PROVIDED RECORDS:
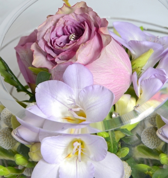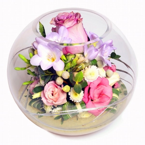 This beautiful design contains premium roses, freesia and lisianthus with coordinating foliage and stones. The clear glass bowl is approximately 15 cm high and is included in the price.
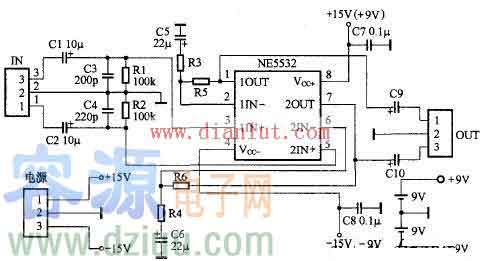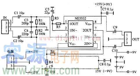 基于NE5532制作9V便攜式耳機放大器電路原理圖
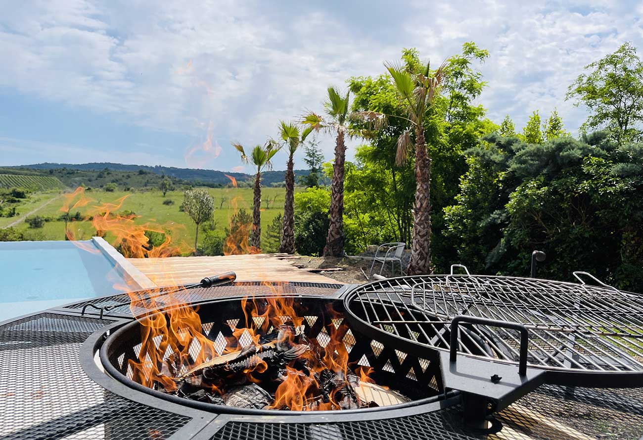 Et pourquoi pas faire une pétanque sur l’espace dédié avant de profiter d’un barbecue extérieur, assis confortablement devant un braséro ?
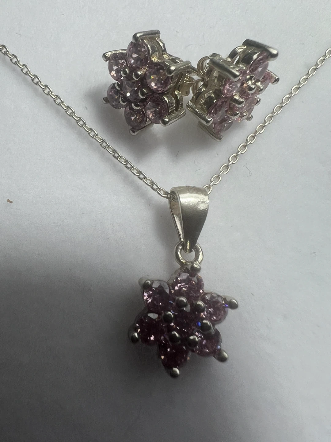 This is a lovely matching necklace and earring set. The pieces are silver and feature a floral design with pink stones. Perfect for adding a touch of sparkle to any outfit!
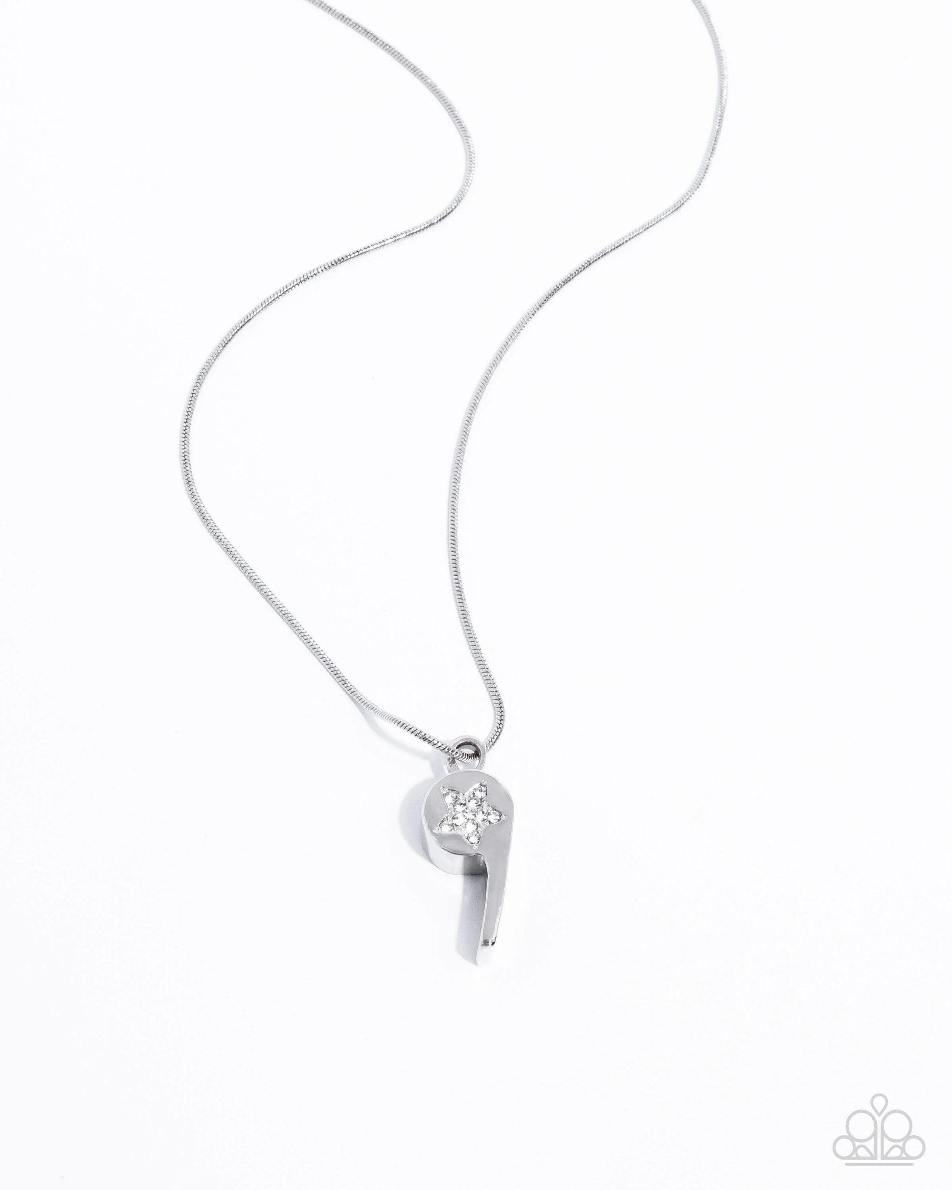 Featuring white rhinestones, a silver whistle-like charm is embellished with a shimmery star on its side, gliding along a silver snake chain for a charismatic, coach-inspired chic look. Features an adjustable clasp closure
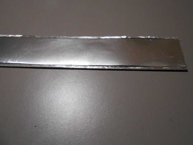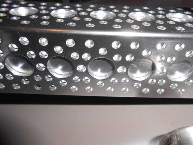 Después de cortar la chapa a la medida utilicé sobre todo loco pegamento / pegamento caliente para mantener el metal de hoja en su lugar... y en los agujeros que requieren de la perforación para los tornillos de un pequeño trozo de madera al otro lado del taladro para mantener el metal de hoja presionado contra el canal de aluminio durante la perforación del agujero, de esa manera garantiza un agujero limpio sin deformación de la chapa.
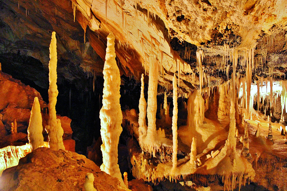 鍾乳洞は石灰岩の地層にできる洞窟で、その内部で落ちる水滴には石灰岩から溶け出した炭酸カルシウムが含まれています。これが再び結晶化して、少しずつ鍾乳石が育っていくのです。1センチ成長するのに100年以上かかるともいわれ、なかには12メートルにもなるものもあります。小さな水滴がつくり出す「大きな仕事」には、ただただ驚かされます。
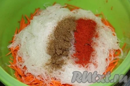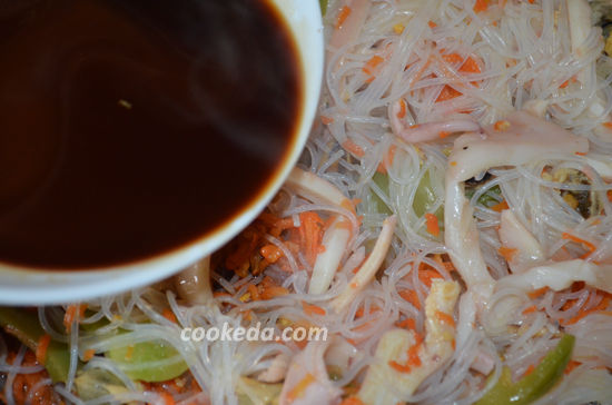 - Фунчозу заправляем ложкой розового уксуса, тщательно перемешивая.
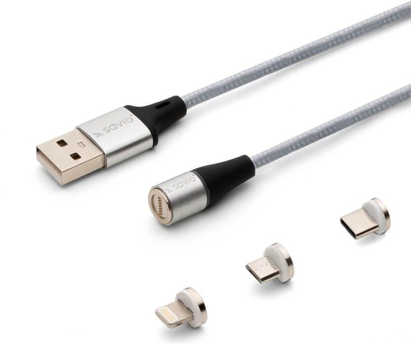 Savio Kabel magnetyczny USB - USB Typ C Micro i Lightning Srebrny 2m (CL-156) Strzelin
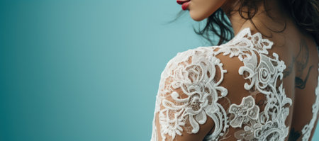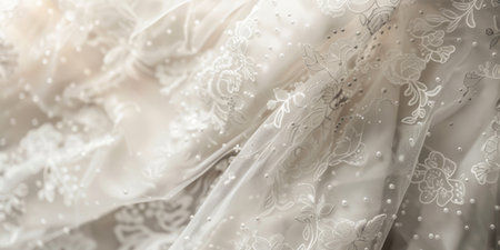 Close up view of lacework on a white wedding dress highlighting elegant floral designs, creating a romantic atmosphere for special ceremonies
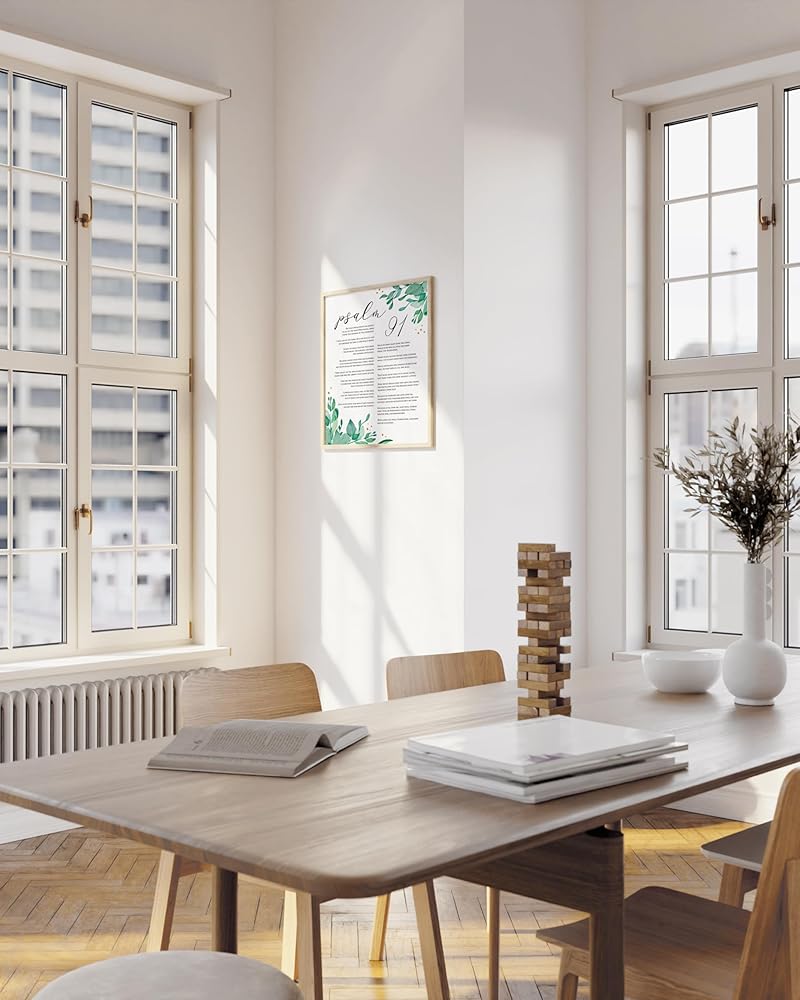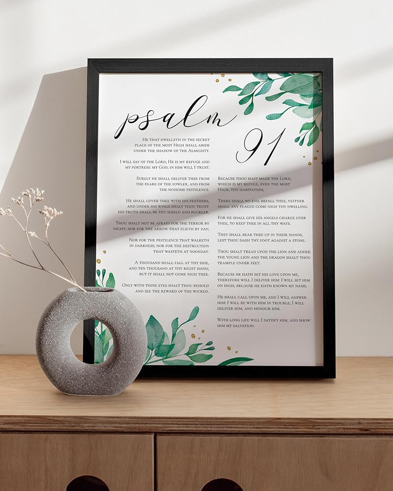 BE INSPIRED EVERY DAY: This beautiful Christian art features Psalm 91 in a unique and eye-catching way. The Bible verse wall decor is on a white background and is finished with a beautiful botanical print. The colors on this framed religious art are calming and the detail is exquisite
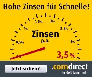 Von den insgesamt 30.000 Tagesgeldkonten im Rahmen der Zins-Aktion der comdirect bank mit 3,50 % Zinsen p.a. sind nur noch weniger als 5.000übrig, welche in wenigen Tagen vergriffen sein werden.
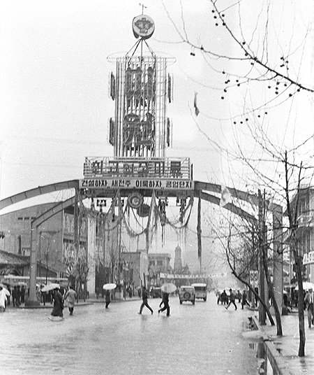 하지만 지금도 50대 이상은 이 곳을 지날 때마다 미원탑을 떠올리곤 한다. 사진 왼쪽에는 전주보건소와 아카데미극장(현 덕송빌딩)이 보인다. 멀리 전동성당도 보인다.

WORK ORDER: Give the listing again word for word, but drop every picture.

SOLUTION FOR THIS EXERCISE:
 This beautiful design contains premium roses, freesia and lisianthus with coordinating foliage and stones. The clear glass bowl is approximately 15 cm high and is included in the price.
 基于NE5532制作9V便攜式耳機放大器電路原理圖
 Et pourquoi pas faire une pétanque sur l’espace dédié avant de profiter d’un barbecue extérieur, assis confortablement devant un braséro ?
 This is a lovely matching necklace and earring set. The pieces are silver and feature a floral design with pink stones. Perfect for adding a touch of sparkle to any outfit!
 Featuring white rhinestones, a silver whistle-like charm is embellished with a shimmery star on its side, gliding along a silver snake chain for a charismatic, coach-inspired chic look. Features an adjustable clasp closure
 Después de cortar la chapa a la medida utilicé sobre todo loco pegamento / pegamento caliente para mantener el metal de hoja en su lugar... y en los agujeros que requieren de la perforación para los tornillos de un pequeño trozo de madera al otro lado del taladro para mantener el metal de hoja presionado contra el canal de aluminio durante la perforación del agujero, de esa manera garantiza un agujero limpio sin deformación de la chapa.
 鍾乳洞は石灰岩の地層にできる洞窟で、その内部で落ちる水滴には石灰岩から溶け出した炭酸カルシウムが含まれています。これが再び結晶化して、少しずつ鍾乳石が育っていくのです。1センチ成長するのに100年以上かかるともいわれ、なかには12メートルにもなるものもあります。小さな水滴がつくり出す「大きな仕事」には、ただただ驚かされます。
 - Фунчозу заправляем ложкой розового уксуса, тщательно перемешивая.
 Savio Kabel magnetyczny USB - USB Typ C Micro i Lightning Srebrny 2m (CL-156) Strzelin
 Close up view of lacework on a white wedding dress highlighting elegant floral designs, creating a romantic atmosphere for special ceremonies
 BE INSPIRED EVERY DAY: This beautiful Christian art features Psalm 91 in a unique and eye-catching way. The Bible verse wall decor is on a white background and is finished with a beautiful botanical print. The colors on this framed religious art are calming and the detail is exquisite
 Von den insgesamt 30.000 Tagesgeldkonten im Rahmen der Zins-Aktion der comdirect bank mit 3,50 % Zinsen p.a. sind nur noch weniger als 5.000übrig, welche in wenigen Tagen vergriffen sein werden.
 하지만 지금도 50대 이상은 이 곳을 지날 때마다 미원탑을 떠올리곤 한다. 사진 왼쪽에는 전주보건소와 아카데미극장(현 덕송빌딩)이 보인다. 멀리 전동성당도 보인다.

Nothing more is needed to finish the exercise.